The University of Sheffield also reports a positive response from students to the decision to switch. CIO, Christine Sexton, explains, “When we announced our move to Google Apps we received many emails from students expressing their approval, which was very encouraging. Initial uptake during the summer break has also been high, suggesting the service will prove popular with the wider student body.”

As well as seeing general positive feedback from students, the University of Sheffield is also expecting significant administrative benefits from the cloud computing model. Christine continues, “Google has far more resources and time to invest in developing email systems and collaborative tools than we do. With the money and time saved through the switch from our traditional in-house IT environment, we will be able to invest more in other areas where we can have a bigger impact in enhancing our students’ experiences.”

The University of Portsmouth, which went live with Apps on 14th August, has provided 34,000 students access to Google Apps and has already seen students log in from 26 countries in ten different languages. Director of Information Services at the University, Andrew Minter, says: “Google provides the sort of integrated system students have been crying out for. It offers a whole package of collaborative applications our students want allowing them to work together online in real time. As well as email, they can use instant messaging, share documents with other students, clubs and societies, set up their own web pages, and build their own calendars which will soon have personalised timetables incorporated so every time they log on it’s all there.”

Paul Hopkins, Director of Information Services and Systems at De Montfort University, said: “We have been able to implement Google Apps for our 20,250 students with impressive speed. Within two months we had implemented the platform and embedded the email and calendar services directly into our student portal. This has enabled us to rapidly place Google Apps right at the heart of our student experience, giving us the ability to drop time-tabling information directly into the students’ personal calendars, if they choose to opt-in, and the response we have had so far has been nothing short of amazing – Google Apps has helped to create a real ‘buzz’ across the University.”

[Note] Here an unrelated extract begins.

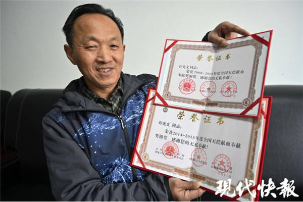 近20年來,許光文多次獲得全國無償獻血奉獻獎金、銀、銅等獎項,這些榮譽對于他來說,是鼓勵,更是動力。“我肯定會一直堅持下去,盡一點力,多幫幫有需要的人,這是應該做的。”

“With Freshers’ Week just around the corner, it is exciting to know that many more thousands of students across the country will have access to Google Apps to help them make the most of their learning experience and university lives,” says Samantha Peter, Business Development Manager, Google Enterprise. “As students take their university account with them after they graduate, they can keep access to their work and easily stay in touch with tutors and peers. The move of many universities to the cloud is not just about the substantial cost savings they can achieve, but increasingly about providing students with the tools which will be of use beyond their studies and in the world of work, where Google Apps is becoming increasingly prevalent.”